-- Problem --
Begin at the line that has "Заместник-министърът на младежта", stop after the line that has "जिल्ला प्रशासन कार्यालय", and print exactly those lines from the records below, without any pictures.

-- Task input --
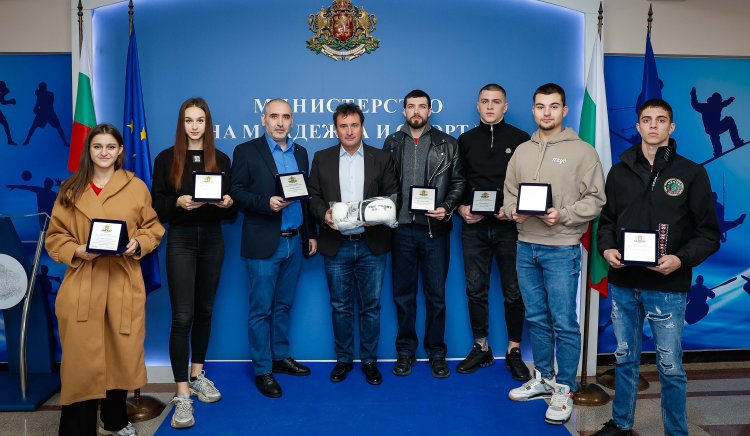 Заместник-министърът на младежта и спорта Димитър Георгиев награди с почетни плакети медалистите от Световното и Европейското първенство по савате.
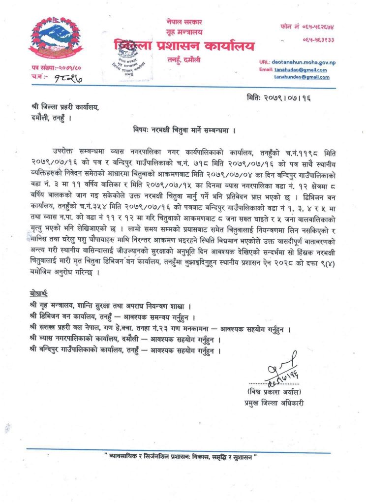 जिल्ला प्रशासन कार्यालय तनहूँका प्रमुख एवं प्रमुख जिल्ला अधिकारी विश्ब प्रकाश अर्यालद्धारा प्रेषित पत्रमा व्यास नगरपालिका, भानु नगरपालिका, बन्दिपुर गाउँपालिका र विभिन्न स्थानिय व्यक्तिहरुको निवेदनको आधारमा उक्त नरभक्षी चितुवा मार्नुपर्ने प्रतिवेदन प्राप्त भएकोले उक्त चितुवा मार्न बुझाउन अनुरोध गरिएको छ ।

--

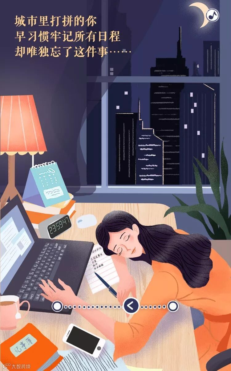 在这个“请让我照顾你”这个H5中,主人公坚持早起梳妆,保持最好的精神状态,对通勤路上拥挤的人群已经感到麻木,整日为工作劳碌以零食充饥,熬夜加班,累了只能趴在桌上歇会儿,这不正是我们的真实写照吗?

-- Result of the exercise --
 Заместник-министърът на младежта и спорта Димитър Георгиев награди с почетни плакети медалистите от Световното и Европейското първенство по савате.
 जिल्ला प्रशासन कार्यालय तनहूँका प्रमुख एवं प्रमुख जिल्ला अधिकारी विश्ब प्रकाश अर्यालद्धारा प्रेषित पत्रमा व्यास नगरपालिका, भानु नगरपालिका, बन्दिपुर गाउँपालिका र विभिन्न स्थानिय व्यक्तिहरुको निवेदनको आधारमा उक्त नरभक्षी चितुवा मार्नुपर्ने प्रतिवेदन प्राप्त भएकोले उक्त चितुवा मार्न बुझाउन अनुरोध गरिएको छ ।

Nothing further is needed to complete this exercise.